Of its 486 miles (which include 28 connected trail components that traverse eight state forests and six designated wilderness areas), I have hiked maybe a couple dozen, every inch of them spectacular. For years, we have visited a patch of Pike National Forest through which a stretch of the Colorado Trail weaves. It is beautiful country with boulder-dotted meadows and distant views of snow-capped peaks.
It is also, relatively speaking, good country to take a blind dog for some outdoor activity.
Though some diabetes-related health problems persist (the least of which at the moment are his cataracts), Miles’s blood-sugar finally seems stable, he lost the poundage equivalent of a pack of Pomeranians in just a few months, and his assertive brand of energy has returned with a vengeance. “I think I liked fat, lazy Miles better,” said my better half while getting dragged down the street by the galloping, visionless dog a couple weeks ago; like my last job, it’s the blind leading the sighted.
We don’t get to go for walks in the woods as much as the dogs or I would like these days, but before last week’s brief Arctic chill (which had the transplants whining awfully early in the season for my tastes), we made the trek to our beloved, little-used swath of open space, walked a portion of the Colorado Trail, and followed Miles as he bounded, aimless and unaware as the common voter, over the lolling hills. His carelessness only cost him a bloody nose.

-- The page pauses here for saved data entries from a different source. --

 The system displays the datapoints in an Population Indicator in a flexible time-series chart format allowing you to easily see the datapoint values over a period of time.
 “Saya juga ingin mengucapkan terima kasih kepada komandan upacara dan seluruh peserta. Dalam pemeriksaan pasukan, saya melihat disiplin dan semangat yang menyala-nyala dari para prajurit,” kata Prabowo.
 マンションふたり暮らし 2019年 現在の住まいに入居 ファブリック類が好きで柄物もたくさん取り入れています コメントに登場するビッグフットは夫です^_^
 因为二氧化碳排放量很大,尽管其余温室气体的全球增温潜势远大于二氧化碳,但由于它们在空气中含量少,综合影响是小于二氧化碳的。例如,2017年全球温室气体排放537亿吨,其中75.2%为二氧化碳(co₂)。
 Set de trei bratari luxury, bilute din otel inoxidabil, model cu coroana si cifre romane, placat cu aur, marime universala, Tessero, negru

1 Apologies for the post-Election Day tirade, but I was recently given a book called 642 Things to Write About, and paging through it I thought a cool topic would be: Write the longest sentence you can (an idea that may already be in there, but 642 is a lot, and I haven’t had time to look at them all yet). Since the rant had been building for weeks and seemed appropriate for the task at hand, I unloaded. Incidentally, my sentence came out to only 156 words (more verbose than average, and certainly not good for search-engine traffic, but a far cry from the longest).